Just wondering if any of ya'll have made any wildflower trips yet?

Extremely late notice, but heading out in the am to New Ulm/Columbus in the am, then heading over to La Grange Schulenberg area a bit after sunrise to explore some backroads. Going to at least make it a good solid half day of shooting if any one wants to meet up! 

Give me a call at 361-four zero four-0066, I know its monday but I'm off and hoping the crowds will be minimal.

Also planning a trip down south to San Diego/Alice area next weekend. (Little more notice! lol)


----------



## MT Stringer (May 21, 2004)

Found some Sunday at Old Baylor and a bunch on the side of the road on Hwy 36 out of Brenham. We didn't stop there but it is plenty of parking and the flowers are on the side of a bank. Lots of folks were takin pitchers!


----------



## Shaky (May 21, 2004)

Yea, we hit Brenham, then would up going south to Round Top. Had no idea the spring Antique show was going on. Simply Amazing.....all I have to say is I wish we had known, lots of cool photo ops in and around those goings on. But we found a few fields with decent blooms between Brenham and Halletsville. Just seems like its really going to explode in the next couple of weeks.

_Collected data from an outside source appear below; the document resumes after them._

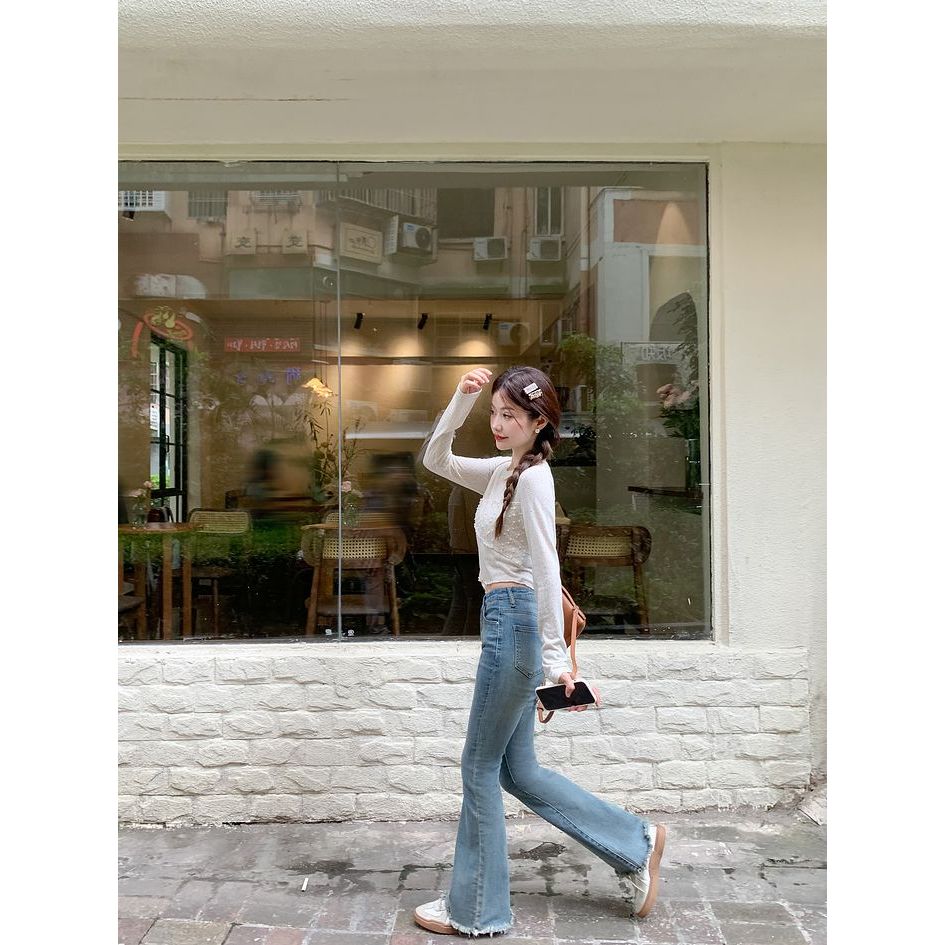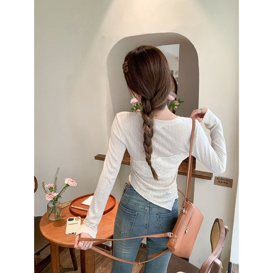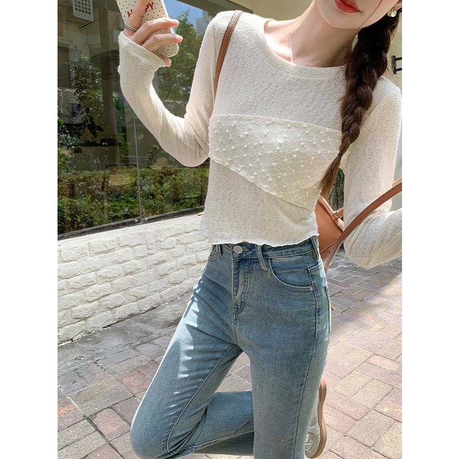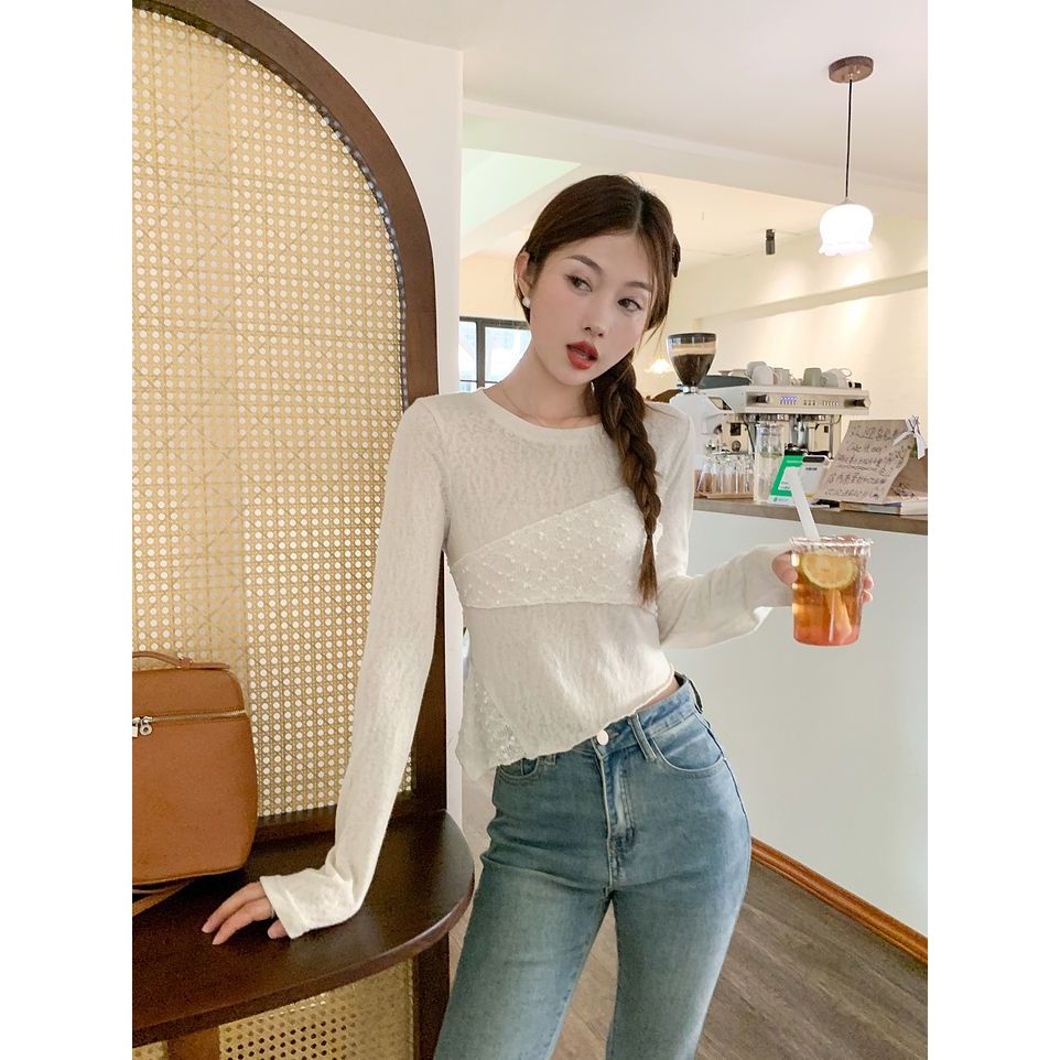 แอปริคอทแขนยาวคอกลม เสื้อยืดผู้หญิง สไตล์กันแดดน่าสวมใส่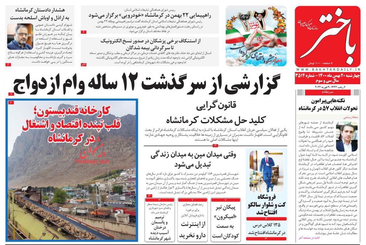 باختر ، چهارشنبه ۲۰ بهمن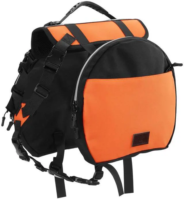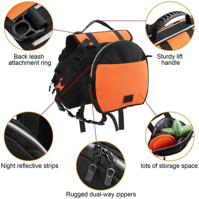 DURABLE MATERIAL: The dog saddle bag is made up of Oxford material, which is splash-proof, wear-resistant and durable. The back pad is adopted by a mesh fabric, so it is softness and air permeability, so these prominent features doesnt do harm to your dogs fur. Moreover, the reinforced handle grip enables you to get hold of your dog in case of emergency.
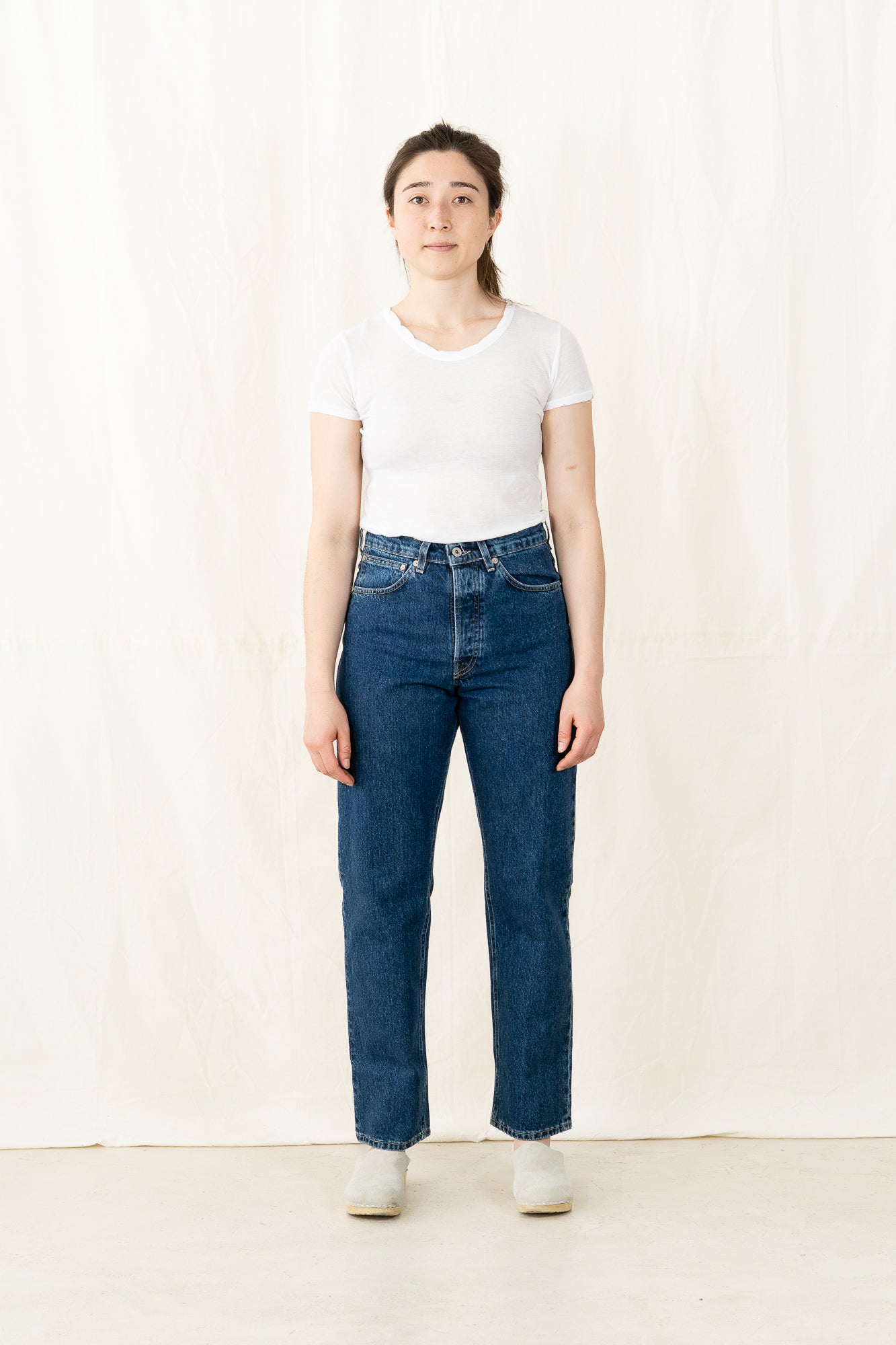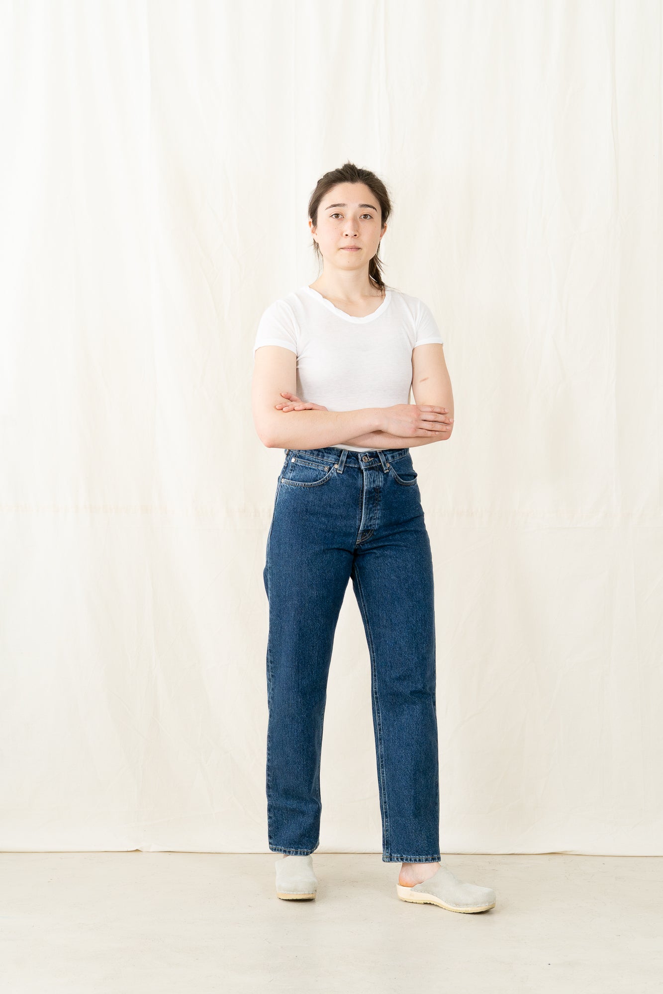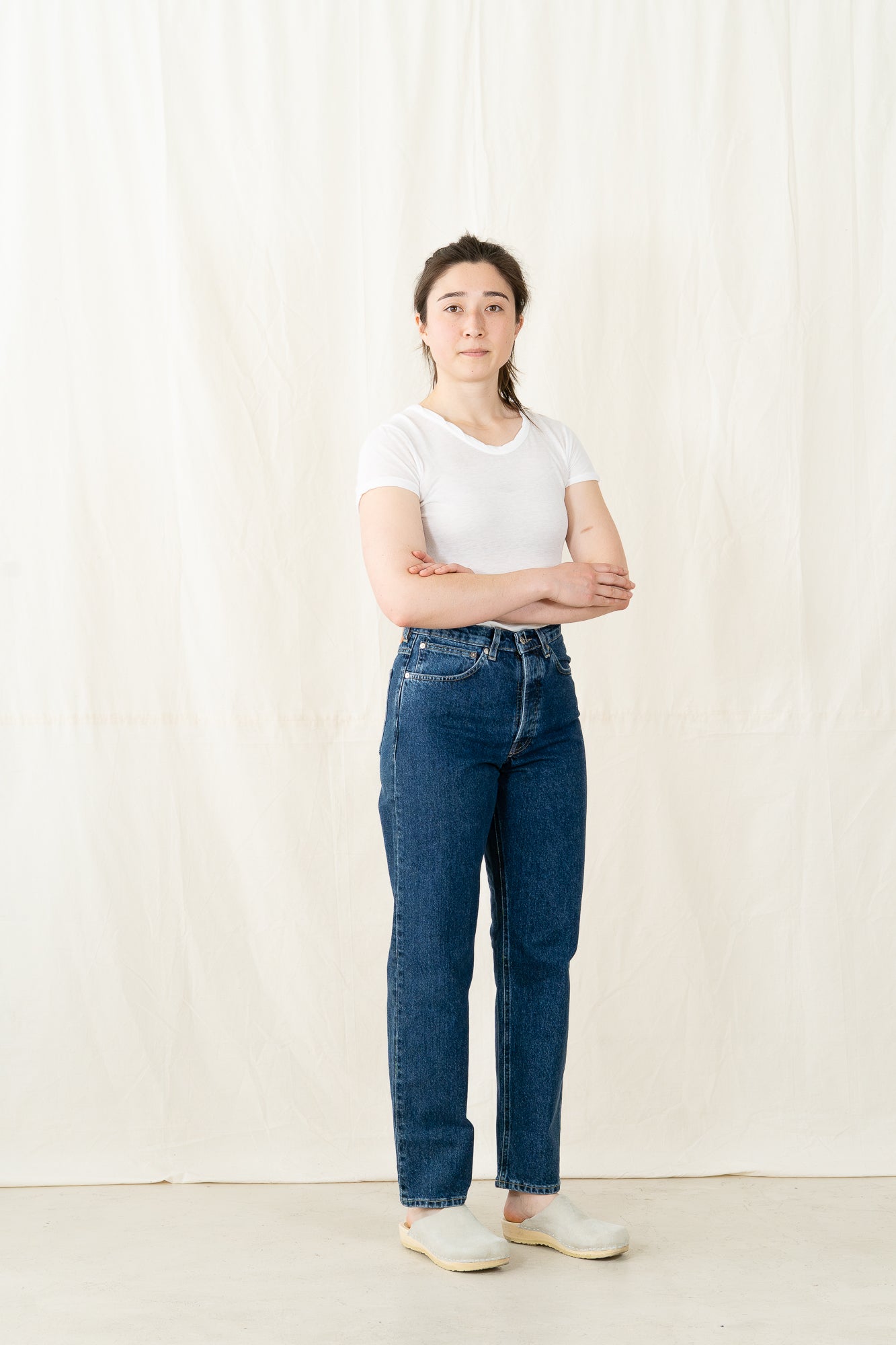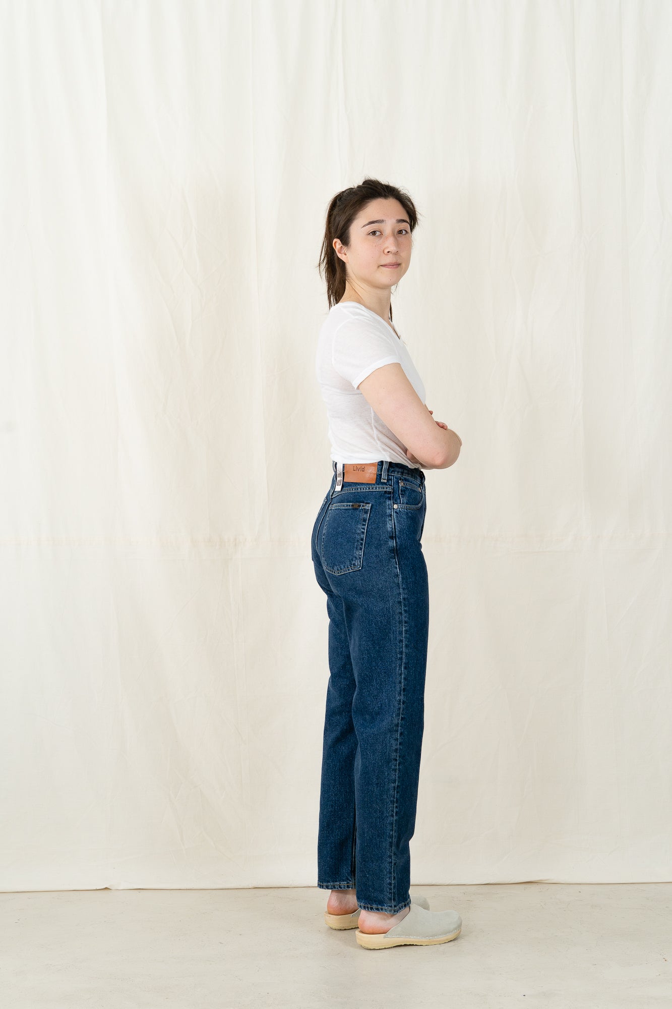 Livid's Faye denim jeans for women has a rigid curved straight fit that has been washed for a soft hand feel. It's curved at the waist giving a great fit, with a straight silhouette that slightly tapers at the leg opening. A very classic fit that goes perfectly with your favorite pair of shoes or boots.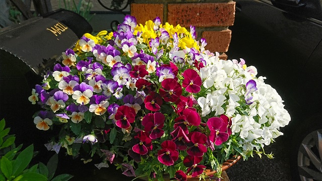 事務所入り口の所。大きな丸い鉢に、ビオラが溢れんばかりに咲いています。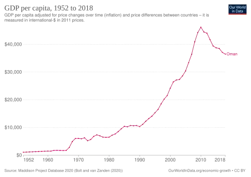 Oman's oil reserves are ranked as the 22nd largest globally.[11][16] In 2010, the United Nations Development Programme recognised Oman as the most improved country in the world in terms of development during the preceding 40 years.[17] Less reliant on fossil fuels than other Persian Gulf states, a significant portion of Oman's economy involves tourism, as well as the trade of fish, dates and other agricultural produce. The World Bank classifies Oman as a high-income economy. As of 2024, Oman ranks as the 42nd most peaceful country in the world in the Global Peace Index,[18] and the most peaceful Arab state after Qatar and Kuwait.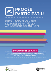 Divendres 11 de març tindrà lloc la presentació del procés sobre la instal·lació de càmeres lectores de matrícula als accessos del municipi. En aquest acte, que es farà a les 20.30 h a la Sala Nou Casino, s’hi explicaran els detalls del procés participatiu, la votació del qual s’engegarà el 21 de març i s’allargarà fins a l’1 d’abril, i s'informarà sobre qui podrà votar, com i quan, i quan se sabrà el resultat final.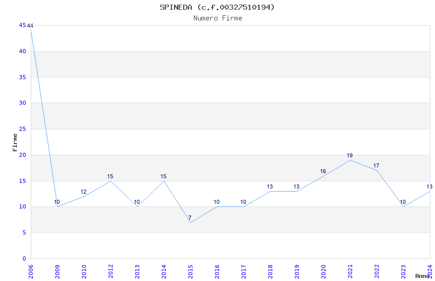 | 2006 | 44 | 550,56 | 12,51 | 22.949 | 5.623 | 326 | 1 |

Interesting drive to say the least.


----------



## MT Stringer (May 21, 2004)

Looking good.


----------



## MichaelW (Jun 16, 2010)

South of San Antonio all the way to Choke Canyon the flowers are blooming like crazy. Gonna be a good year.


----------



## Pocketfisherman (May 30, 2005)

Bluebonnets are incredibly thick and tall between Austin-Lockhart-Luling-Gonzales- and Cuero along Hwy's 130, 183, and 87


----------



## scwine (Sep 7, 2006)

There are chock full on Loop 337 around New Braunfels,,,,,,,if they hadn't been trampled yet by all the picture takers..LOL.


----------



## essayons75 (May 15, 2006)

Hwy 973 between Manor and Taylor have huge roadside fields.


----------